Тамара присела у одной из тумбочек и раскрыла нижний большой отсек. Она вытащила из пакета конфету, развернула и сунула в рот. Она выбросила вперед руку, в ладони что-то приятно шуршало. «Хотите? Вся ночь впереди». Анна Юрьевна яростно покачала головой и спросила:
– Заявите?
– Зачем? Заставят проверять. Открой рот, высуни язык, это же сколько мы с этой оравой возиться будем? А потом все на свои круги вернется, вот увидите.
Анна Юрьевна промучилась всю ночь, а утром, невыспавшаяся, с кругами под глазами, решила все-таки передать информацию наверх.
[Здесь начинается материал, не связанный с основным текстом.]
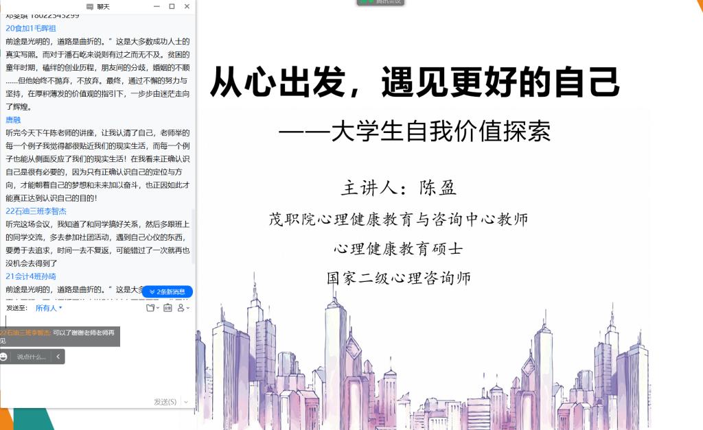 针对我校大学生普遍存在的“感觉很迷茫与生活没意义”的问题,我校心理健康教育与咨询中心于11月6日下午15:30-17:00在腾讯会议平台上组织开展了以《从心出发,遇见更好的自己——大学生自我价值探索》为主题的线上心理讲座,主讲人为陈盈老师,我校300名大学生积极参与。本次讲座通过讲述故事、活动体验与案例分析的形式展开,帮助参会同学接纳自我,澄清价值,积极行动。

Она подкрасила губы, пальчиком подогнула челку и постучалась в белую дверь с крупной табличкой «Зав. отделением».
– Тяжелый случай, – покачал головой Константин Николаевич, когда Анна Юрьевна, чуть задыхаясь, выложила все, что знала. – Сколько им говорил, что спасение утопающих есть дело рук самих утопающих, без толку. Чибис как сдавала мочу соседок по палате, так и сдает. А ведь это я еще на гельминтов не просил, – он сгорбился и посмотрел в окно. Под его правой рукой высились карты больных. Они пузырились своими картонными бортами, их тела распирали исписанные листы. – Спасибо вам, Анна Юрьевна, за сигнал, среагируем.
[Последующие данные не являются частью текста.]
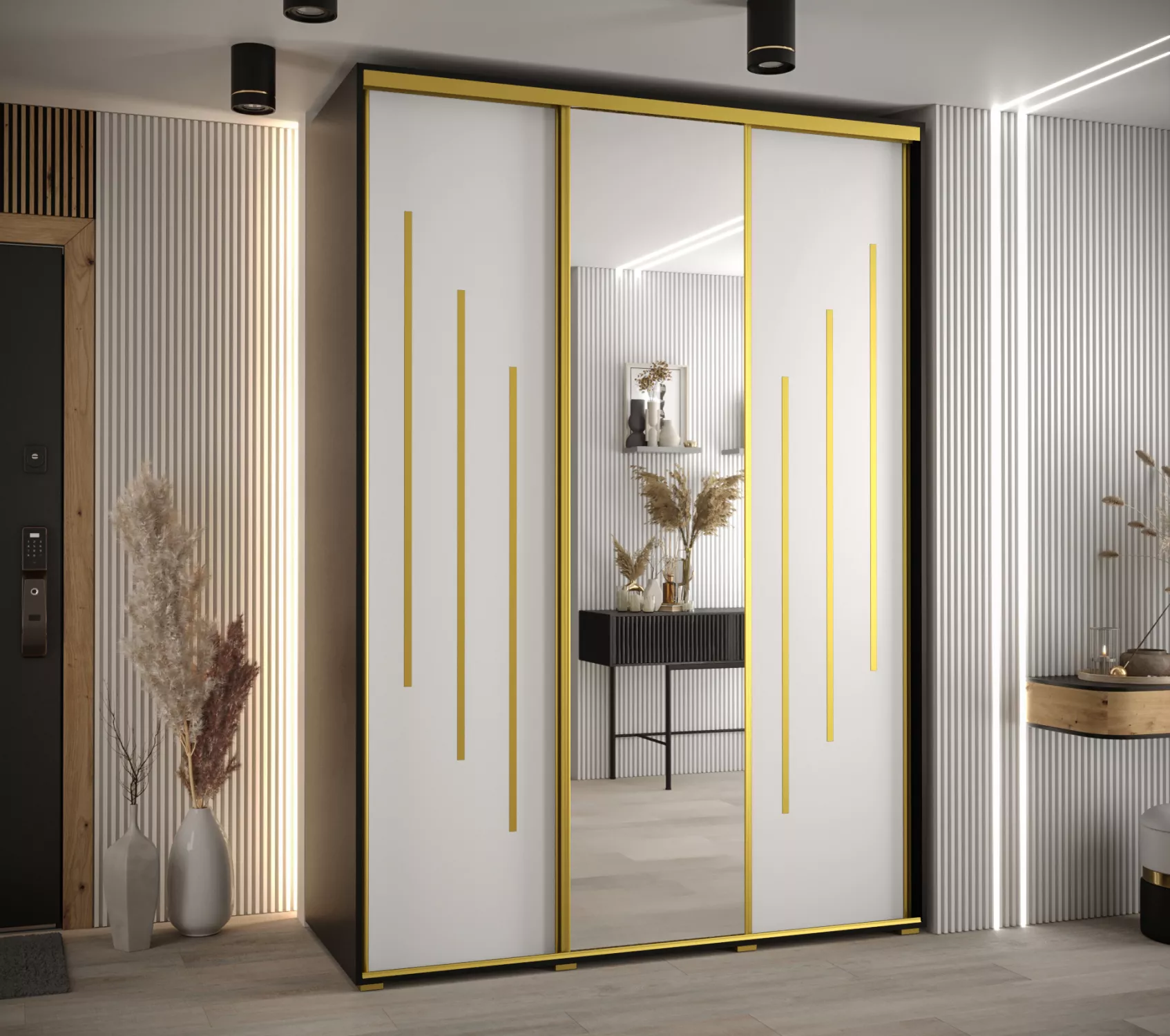 Šatní skříň YVONA 9 - 170/60 cm, černá / bílá / zlatá

– А скоро Чибис выпишут? – спросила Кристина Юрьевна, надеясь, что в ее голосе не звучит отчаяние.
– Ну как вам сказать? Показатели из рук вон, держим ее уже второй месяц, а с места не сдвинулись. Но долго держать права не имеем, еще две недели понаблюдаем и отпустим на вольные хлеба.
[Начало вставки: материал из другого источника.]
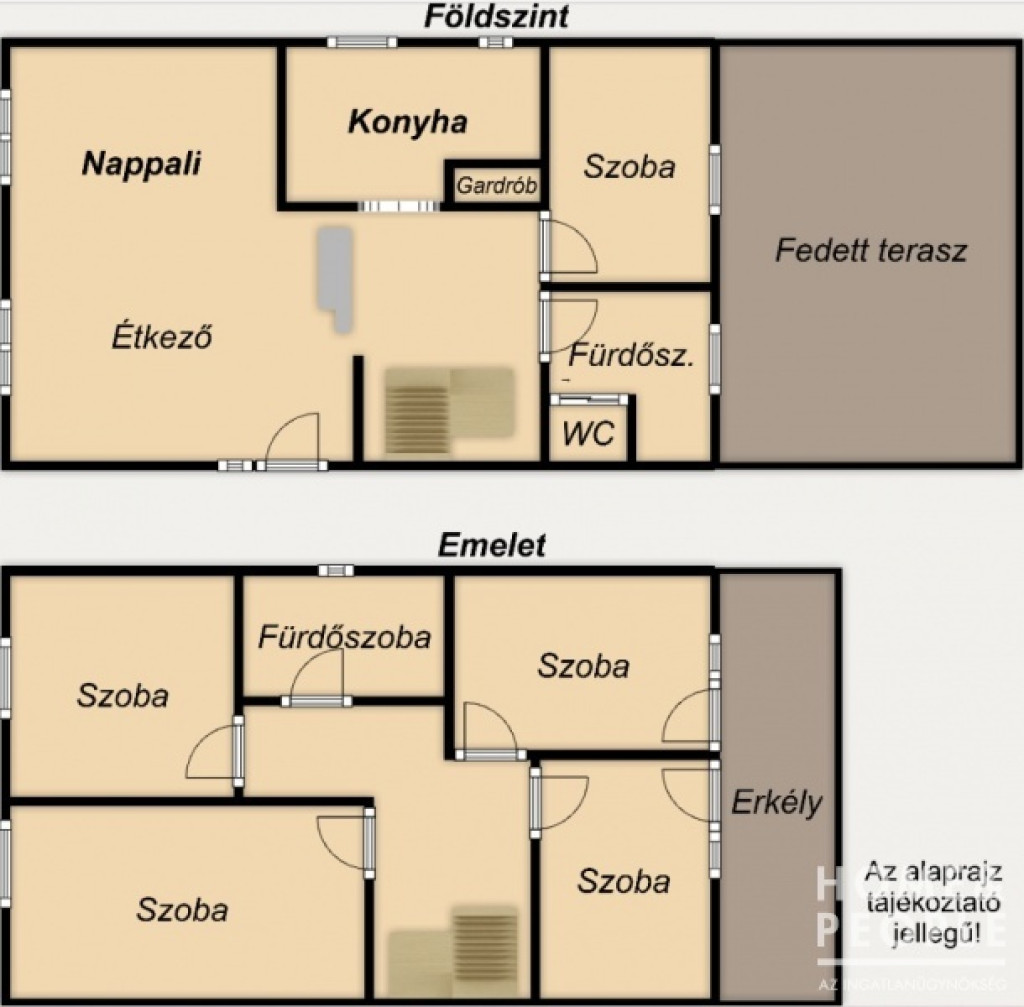 Emelet: 4 db hálószoba, fürdőszoba, erkély

– Может, с родителями дело быстрее пойдет?
– У нее отец только, и, знаете, такое ощущение, что не от мира сего. Лучше бы ее, конечно, долечить. Спасибо вам, Анна Юрьевна, вы всегда такая внимательная.
Похвала грела Анне Юрьевне сердце и даже прожигала кофту, но к палатам от кабинета врача она добралась мрачная. Тенью легло на чело сознание, что этот волчонок в человеческом обличье еще долго будет отравлять ей жизнь.
Глава 8
Аня и десятый шот
– Хороша штучка, когда болит ручка: кушать можно, работать нельзя.
– Дед!
– Аня!
– Две пачки чипсов съела, бутылку какой-то хуйни выпила, сосисками какими-то еще ебучими закусила. Дуба, думал, даст. А она такая: «Плати!» Хотел ее чем-нибудь пиздануть, но под рукой ничего не было. Пиво-то жалко.
Арташ навалился на барную стойку, ботинки зависли над полом. В темном помещении посверкивали лампочки, в такт инструментальной музыке звенело стекло, с кухни протекали запахи, а вокруг сновали симпатичные, но уставшие официантки. Одной из них Арташ даже развязал фартук, за что получил увесистое внушение от бармена. Ваня ковырял на бутылке этикетку и смотрел в зал.
– Вань, а Вань, в этом заведении красивых девушек не подают, – сказал Арташ, пытаясь подсунуть палец под ворот водолазки, чтобы с оттяжкой почесать.
– Ты чего так затонировался? – спросил Ваня, стаскивая с него очки. – На двенадцать часов три датых девицы.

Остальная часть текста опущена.